I had a very good day today. My mean professor was actually very nice, so I'm in a very good mood. A couple of nights ago Ed told his parents that he isn't going to pursue his PhD and they were fine with it. So to me that means that it's official that we'll be coming home after I'm done. Woo Hoo!
I've also included a story that I've been working on. I'm posting the "juvenile" version. I like this one better, but my Prof said that I needed to make it more adult. I've also just written a pretty good short fic, but it's very dark and disgusting. My Prof was encouraging us to push the envelope, so I went for the other spectrum of fiction. If you want to read that one let me know and I'll email. It's a little too graphic to put on here.
By: Allison Chin
“Don’t eat the yellow snow,” she told me. I didn’t know why she would say that. It was a free lemon snow cone just waiting to be found by that lucky someone. That day I was the lucky boy. When I tried to scoop it up with my snowball maker she yelled at me so loud that Mrs. Robinson almost dropped her snow shovel. “What did I just tell you? Don’t eat the yellow snow, Dimwit.”
She was right. I hate when she is right. When she wasn’t looking I took a quick mouthful. It didn’t taste like a lemon snow cone at all. It tasted like pee! I had eaten someone else’s pee! I thought that I was going to die after that.
I was mad at her for not telling me that it wasn’t lemon flavored. I was mad when she laughed at me and said “I told you so”. I was mad when she said “It serves you right” when I told her that I thought I was going to die. I was just plain mad. I had just eaten some else’s pee after all.
That night I went to bed clutching my stomach, scared to death of death. When I woke the next morning with the bright, heatless winter sun shining on my face I was so happy that I could have kissed my ugly sister. I was alive! And I told the whole family so. I told Mrs. Robinson who was out shoveling her walkway. I told the milkman. I told my cat, Pebbles, who was looking at the little birds from the window. I told the little birds. And then I told Jeffery Parson, the boy from next door, that I was alive.
“Why wouldn’t you be?” he asked.
I gave him a serious look then; one that I hoped would get how grave the situation was across. “I ate yellow snow,” I said.
“Did it taste like lemon?” His eyes lit up like a Jack-o-lantern on Halloween.

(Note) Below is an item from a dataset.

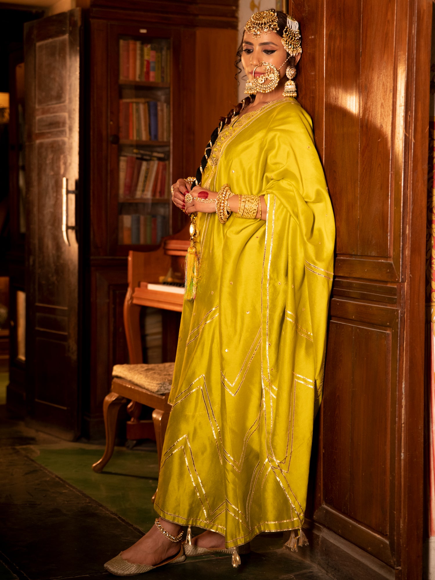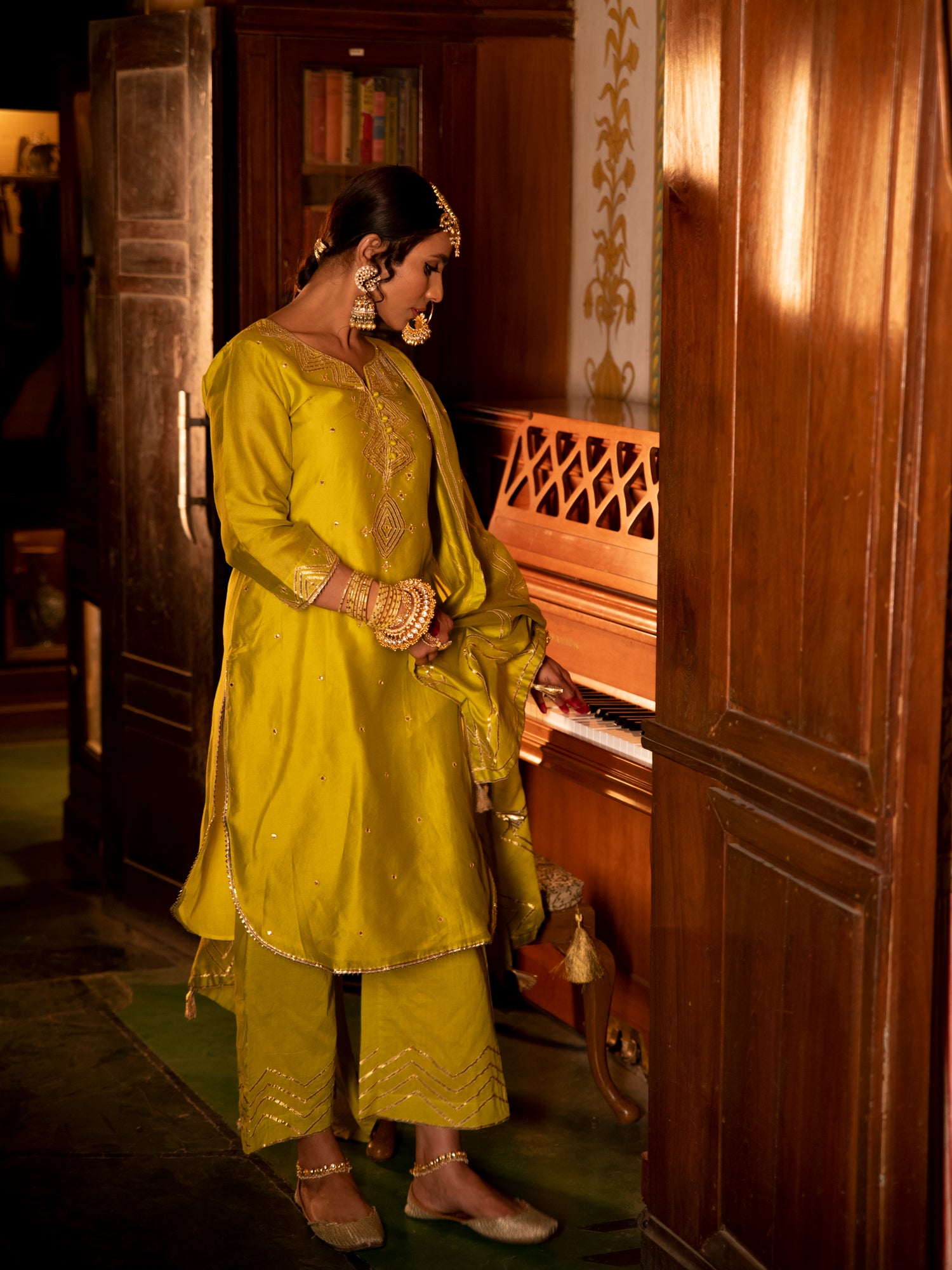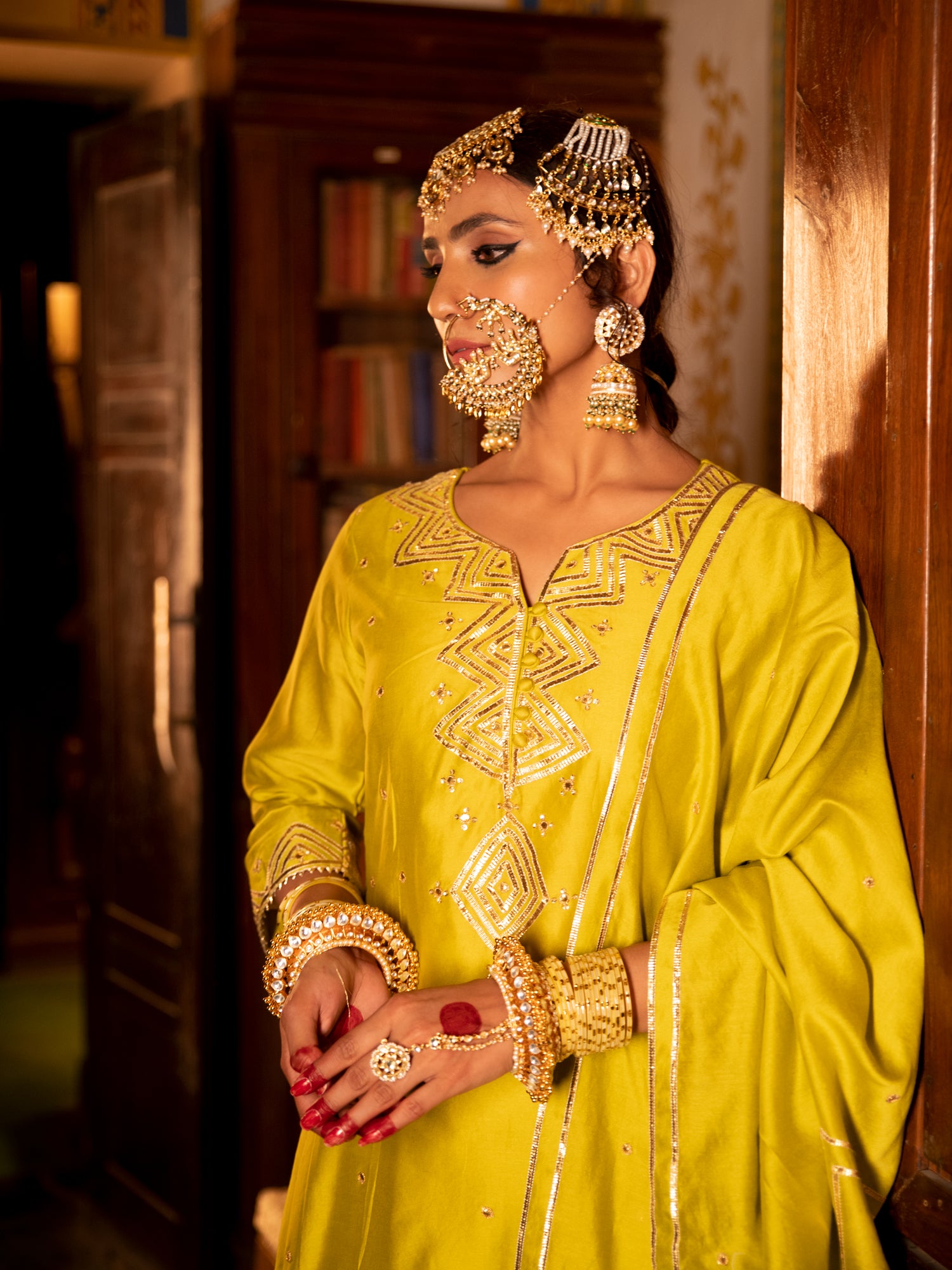 KURTA: A green chanderi silk kurta is detailed with gold gota embroidery.
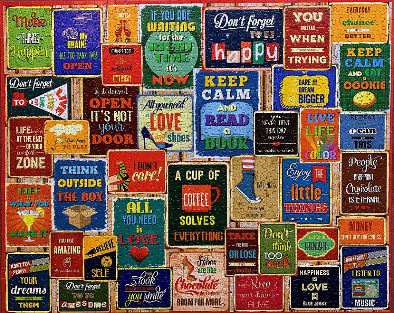 As far as the image goes, a lot of these words of wisdom are your average clichés, but some of them I’d never heard or read before. Regardless, it was entertaining and I enjoyed myself even if it was a little too quick to go together. (I think if it had been a little more challenging I would have been able to spend extra time and enjoy it even more). But honestly, finding the perfect puzzle image that is just the right amount of fun/difficulty is pretty rare; so I don’t hold it against anyone that this was a little too easy for me.

“No, it wasn’t lemon at all.” I shook my head solemnly. He looked so disappointed at this news that I thought I shouldn’t have told him at all.
“What did it taste like?”
“How do you know what pee tastes like?” he asked with a disgusted face.
“Believe me, you just do,” I said. “Don’t eat the yellow snow.” I turned away from him then and headed back towards my house.
“No, I don’t think I will.” I heard him say from behind me. I never ate yellow snow or lemon snow cones again.